Today, we’ll talk about someone who was part of Gilas in 2011 as the Filipinos broke into the top four of the FIBA Asia Men’s for the first time since 1987. He was the usual starter at the SG spot, often guarding the opposing team’s best wingman. He was also one of the team’s designated snipers and slashers. He is Marcio Lassiter.

What he brings to the table:

Lutz offers three main things to the Gilas cause — his experience, his skill-set, and his versatility.

Much like Chris Lutz, Marcio’s Lassiter’s main strengths are his skill-set, versatility, and experience.

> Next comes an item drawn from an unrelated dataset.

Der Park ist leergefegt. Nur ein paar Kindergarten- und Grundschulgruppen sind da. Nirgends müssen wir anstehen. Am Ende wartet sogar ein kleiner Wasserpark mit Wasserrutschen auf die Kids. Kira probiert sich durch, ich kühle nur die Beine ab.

Some, in fact, may argue that Lutz and Lassiter play very similarly, and that, should coach Chot want a pair of players seamlessly subbing for each other, then these two are his men.

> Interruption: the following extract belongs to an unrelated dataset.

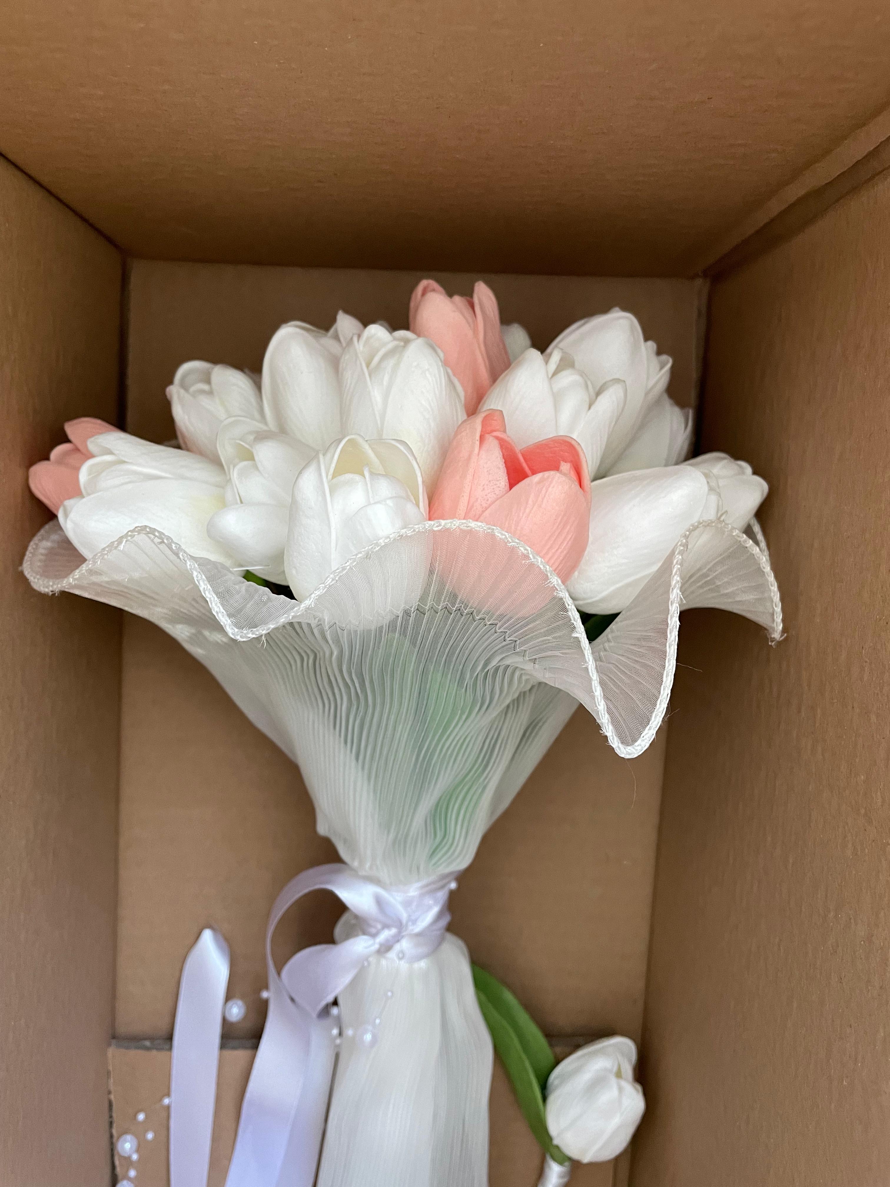 ?Minimal ama etkileyici… Bu lale buketi, ince düşüncenizi en şık şekilde yansıtır. Özel günler veya küçük mutluluklar için mükemmel bir tercih.✨ 24 adet ıslak laleden oluşuyor. Orta boydur ne büyük ne de küçük. Yaka çiçeği hediyedir .? Teslim süresi 15-20 iş günüdür; acil tarihler için not kısmına belirtmeniz yeterlidir. Ürünlerimiz tamamen el yapımıdır; bu nedenle her buket ve süs benzersizdir. Çiçeklerin yerleşimi ve detayları ufak farklılıklar gösterebilir, bu da ürünlerimize özel bir karakter katar. ?

If I may offer a sliver of differentiation, though, this is it — whereas I think Lutz is the slightly better playmaker and slasher, I think Lassiter is the slightly better shooter, ball-handler, and defender. In the 2011 Wuhan joust, Lassiter played six games, averaging around 8 points, 5 rebounds, and 1 steal. He was the team’s second-leading scorer behind Marcus Douthit. He defended guys like Rahseim Wright, Takuya Kawamura, Jet Chang, and Cho Sung-Min.

Right now in the 2013-2014 PBA Season, Lassiter is doing pretty well, averaging about 15 points, 4 rebounds, 3 assists, 1 steal, and 2 treys per outing. His one glaring flaw, however, is missing about a third of his free throws. He is a really solid two-way guy, but when it comes to crunch time and hitting those pressure-cooker freebies, Lassiter is not the odds-on favorite.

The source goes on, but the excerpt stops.